Depois de algum tempo, luzes surgiram à distância e ambos os irmãos andaram na
direção delas.
Claro que, quando eu era criança,
a história me assustava bastante. Tenho certeza que esqueci de um ou outro
detalhe importante. Mesmo na época, porém, eu era capaz de perceber os furos
nela e o quão inventada ela parecia ser. Minha mãe costumava contar histórias
de como a casa em que morou quando criança era ‘assombrada’, e mesmo ela
insistia que fantasmas não existiam; achei que as histórias do meu pai eram
desse tipo.
Antes de continuarmos, preciso
dizer algumas coisas. Primeiro, eu não acredito realmente nas histórias do meu
pai, mas sei que ele acreditava nelas por algum motivo. Só achei que vocês
iriam gostar delas e talvez saibam de alguma lenda parecida que minhas
pesquisas no Google não encontraram.
Também quero dizer que meu tio,
de novo, acha essa história uma baboseira só. Quando ele contava sua versão da
história, só falava de como eles tinham se perdido, quase morrido e levado uma
surra depois de voltar pra casa. Ele repetia alguns detalhes da versão do meu pai:
pegadas de coelho, pegadas maiores que as de um coelho (embora essas, ele
dizia, pareciam mais depressões na neve do que pegadas de verdade) e que meu
pai havia realmente seguido um animal pequeno por algum tempo (a cor dele meu
tio não saberia especificar), decisão que ele considerara estúpida da parte do
irmão.
Meu tio só ouviu falar do Homem
Branco um ano depois do acontecido. A desculpa do meu pai para não ter
compartilhado essa versão da história era ‘ele ou ia achar que eu era doido ou que
ia morrer’, e foi só por causa do choque do incidente seguinte que meu pai
mudou de ideia.
Um ano se passou, e meu pai
começou a achar que tinha alucinado toda a história com o Homem Branco. Uma
noite, porém – de novo no inverno, de novo com neve cobrindo o chão –, ele saiu
para cuidar dos porcos na companhia de seu cachorro de estimação.

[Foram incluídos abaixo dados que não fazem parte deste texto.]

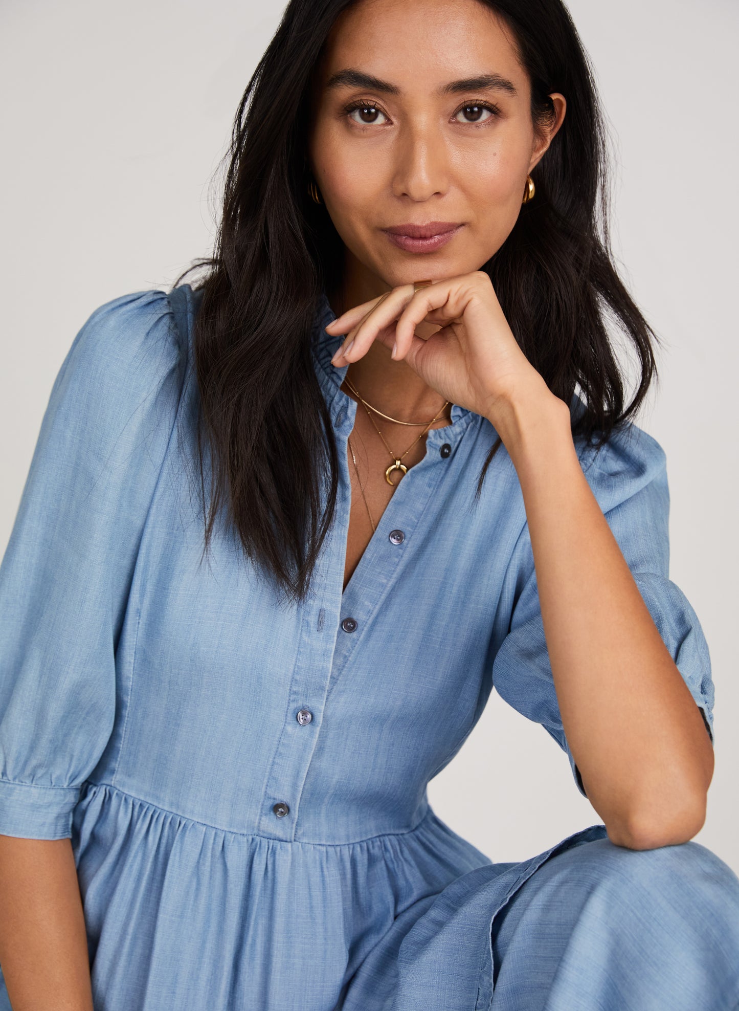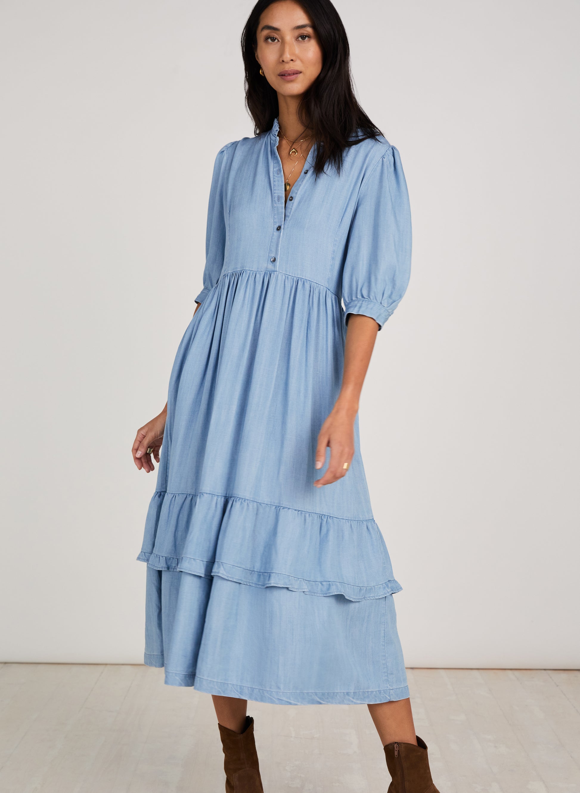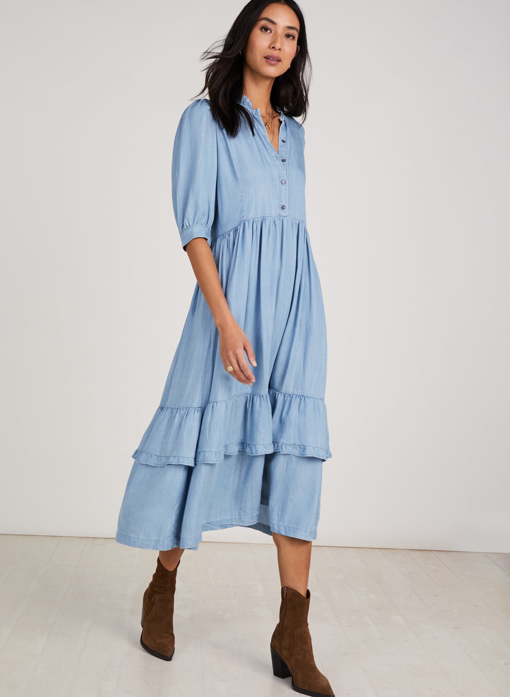 The calf-grazing Alicia dress taps into the prairie trend - a feminine take on dressing that we love. Made from organic cotton chambray, it looks like denim but is softer (and kinder to the planet). It buttons down to the waist and flares into a generous skirt with a frill-edged tier. It goes with loafers as pictured here but looks just as cool with chunky ankle boots or sandals when the weather warms up.
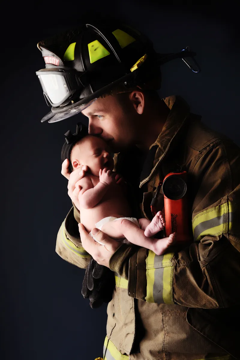 To me, this is a perfect display of why they do what they do... This firefighter is with his brand new baby girl. He's velvet over steel.

Os únicos amigos próximos de meu
pai durante a infância eram Philly e esse cachorro, que era metade basset hound e metade beagle e se chamava Shorty. Tantas foram
as vezes em que meu pai repetiu isso que, depois de crescer, me perguntei que
tipo de relação ele teve com as irmãs. Acho que não eram muito próximos; nunca
conheci minhas tias.
Meu pai e Shorty estavam no
celeiro, que ficava longe o suficiente da casa para evitar que o fedor dos
porcos chegasse nela durante os meses mais quentes. Era um celeiro com portas
de ambos os lados, e durante o verão era comum que a dos fundos ficasse aberta
para que os porcos esticassem as pernas no cercado.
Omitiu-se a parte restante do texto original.